What Haskell does give us is the ability to define our own functions and operators. Hopefully, this will let us come up with a prettier implementation of doublePlus1. The key to the succinct definition of pureDoublePlus1 was the function composition operator:

(.) :: (b -> c) -> (a -> b) -> (a -> c)
(f . g) x = f (g x)

Can we come up with an operator that allows us to compose decorated functions? Let's call this operator (>=>). We want this operator to take g :: a -> Writer b and f :: b -> Writer c and produce from it a composed function g >=> f :: a -> Writer c which removes the decoration from g's return value, calls f on the undecorated value, and then combines the decoration removed from g's return value with f's decoration of its return value. This looks a lot like pure function composition using the (.) operator, only the return values of all functions involved are decorated using Writer:

f :: b ->        c    and    g :: a ->        b    ==>    f . g   :: a ->        c
f :: b -> Writer c    and    g :: a -> Writer b    ==>    g >=> f :: a -> Writer c

The order of the arguments is reversed: Instead of f >=> g, we write g >=> f, but that will make sense soon because we should think about something like f >=> g >=> h >=> k as a sequence of steps to be executed in this order.

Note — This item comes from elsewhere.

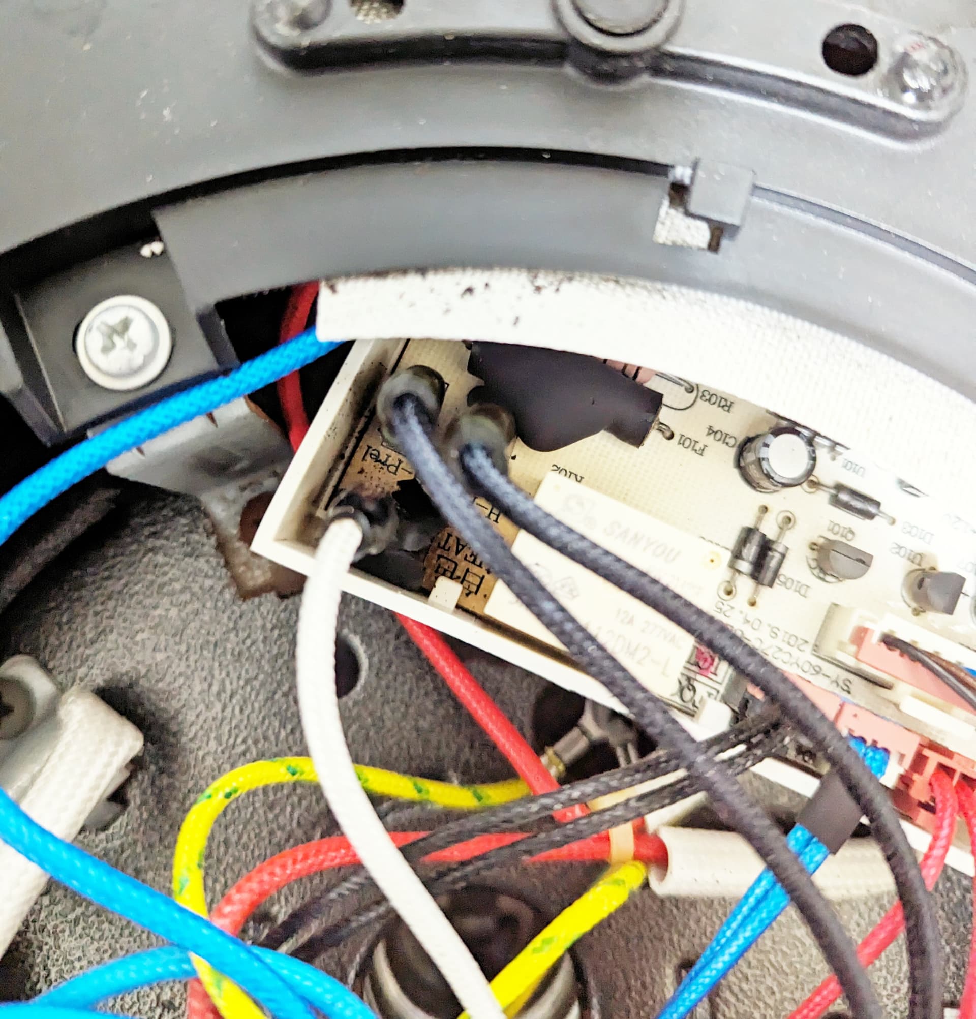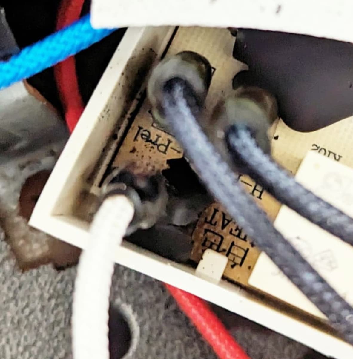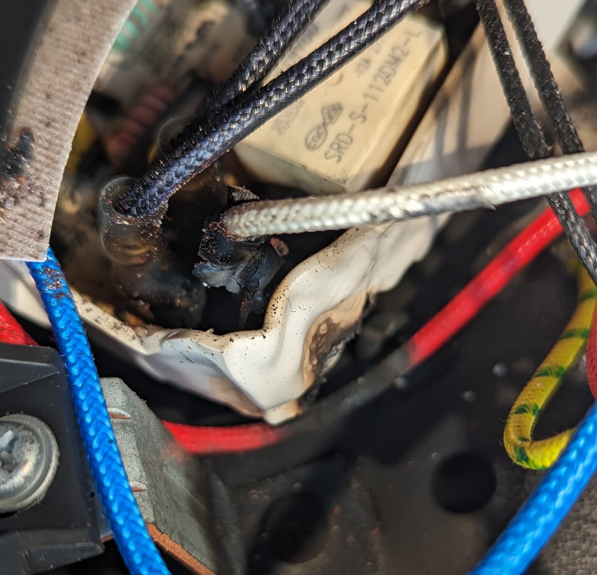 I’m not sure either. To my untrained eye, it looks to be either the connection between that white cable and the circuit board or whatever’s on the other side of the circuit board (the start of this thread has some more photos from last time, where the burning was much worse).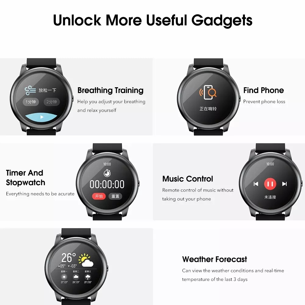 Ngoài ra ở chiếc đồng hồ này còn có các chức năng luyện thở, tìm điện thoại, hẹn giờ và bấm giờ, điều khiển nhạc, hiển thị dự báo thời tiết trong ba ngày.

The definition of (>=>) practically writes itself and looks remarkably similar to our definition of doublePlus1:

(>=>) :: (a -> Writer b) -> (b -> Writer c) -> (a -> Writer c)
(f >=> g) x = let (y, msgG) = runWriter (g x)
                  (z, msgF) = runWriter (f y)
              in  (z, msgG ++ msgF)

With this in hand, we can now define doublePlus1 more succinctly:

doublePlus1 :: Int -> Writer Int
doublePlus1 = double >=> add1

We seem to have gained very little. Sure, our definition of doublePlus1 is short and very similar to the definition of pureDoublePlus1 now, but we had to write the (>=>) operator that does exactly the same as our original implementation of doublePlus1. What we have gained is the benefit of refactoring: the (>=>) operator allows us to compose functions whose return values are decorated by Writer anywhere in our code; we don't have to manually implement the composition of Writer-decorated functions again and again and again.

Moreover, once we turn Writer into a proper monad, this composition operator will work quietly under the hood of Haskell's do-notation, which allows us to write code that looks a lot like imperative code. The Python implementation of doublePlus1,

def doublePlus1(x):
    y = double(x)
    return add1(y)

becomes

doublePlus1 :: Int -> Writer Int
doublePlus1 x = do
    y <- double x
    add1 y

So let's discuss the general concept of a monad next.

  1. Not that you'd ever write systems code in Haskell. That's what C, C++, Rust, and scripting languages are for. 

  2. This Python code uses global variables for something that could be done much more nicely using a Log class and by passing an object of this type to any function that would like to add to the log, but in the interest of keeping the example short, I opted for a quick and dirty solution with a global variable as a log.